Mehr als drei Viertel des gesamten Stroms in Deutschland wurden 2004 aus Kohle und Kernenergie erzeugt. Allein auf Kohle entfiel knapp die Hälfte der Erzeugung, meldete der Verband der Elektrizitätswirtschaft (VDEW). Der Anteil der Kernenergie blieb mit knapp 28 Prozent nahezu stabil.

Hochspannungsleitung© Gina Sanders / Fotolia.com

Berlin (ddp/sm) - Kohle und Kernenergie sind in Deutschland unverändert die Hauptsäulen der Stromversorgung.
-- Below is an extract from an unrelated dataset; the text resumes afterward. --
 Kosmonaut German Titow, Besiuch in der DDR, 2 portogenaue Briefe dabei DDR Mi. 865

Sie deckten im vergangenen Jahr gut drei Viertel des Strombedarfs, berichtete der Verband der Elektrizitätswirtschaft (VDEW) am Montag in Berlin.
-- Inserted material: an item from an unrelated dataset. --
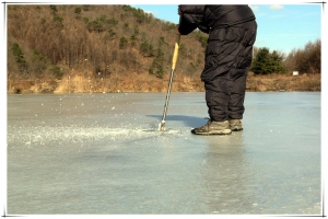 | 얼음 두께를 확인하기 위해 구멍을 뚫어 봅니다 |

Auf Kernenergie entfielen 27,8 Prozent, auf Braunkohle 25,6 Prozent und auf Steinkohle 22,3 Prozent. Während der Anteil der Kernenergie im Vorjahresvergleich geringfügig zulegte (plus 0,2 Prozent), gaben Braunkohle und Steinkohle (minus 0,2 beziehungsweise minus 1,7 Prozent) etwas nach. Erdgas behauptete Platz vier mit einem Anteil von unverändert 10,4 Prozent. Mineralölprodukte kamen auf 1,6 Prozent.
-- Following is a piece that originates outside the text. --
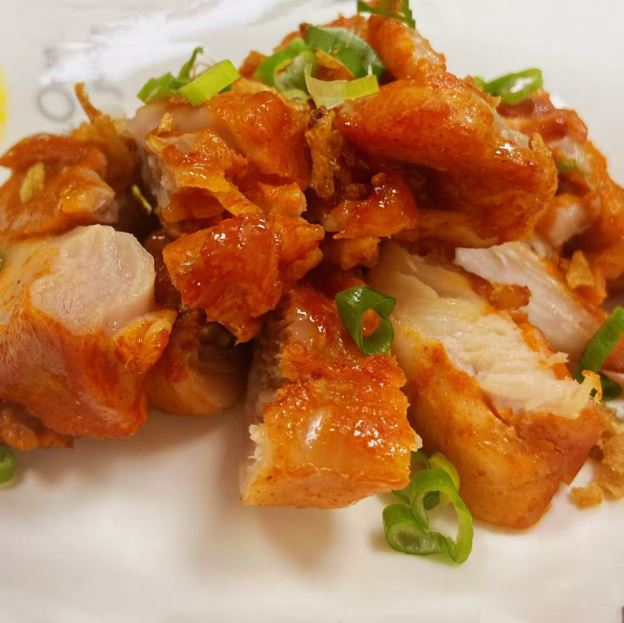 Fried Chicken, Crab Salad. Edamame. Torrato, Cirumber. Corn, Pireapple, Spicy Mayo. Teriyaki Sauce. Crispy Green Onim. Sesame Seeds

Der Beitrag aller erneuerbaren Energien stieg laut VDEW-Angaben um 1,5 Prozentpunkte auf 9,4 Prozent der Stromproduktion. Die Stromerzeugung aus Windkraft wuchs dabei von zuvor 3,3 auf 4,4 Prozent. Der Anteil aus regenerativer Wasserkraft nahm von 3,3 auf 3,7 Prozent zu. Erneuerbare Energien wie Biomasse, Müll und Photovoltaik steuerten 1,4 Prozent zur Stromerzeugung bei (plus 0,1 Prozent). Den restliche Anteil lieferten "sonstige Energieträger".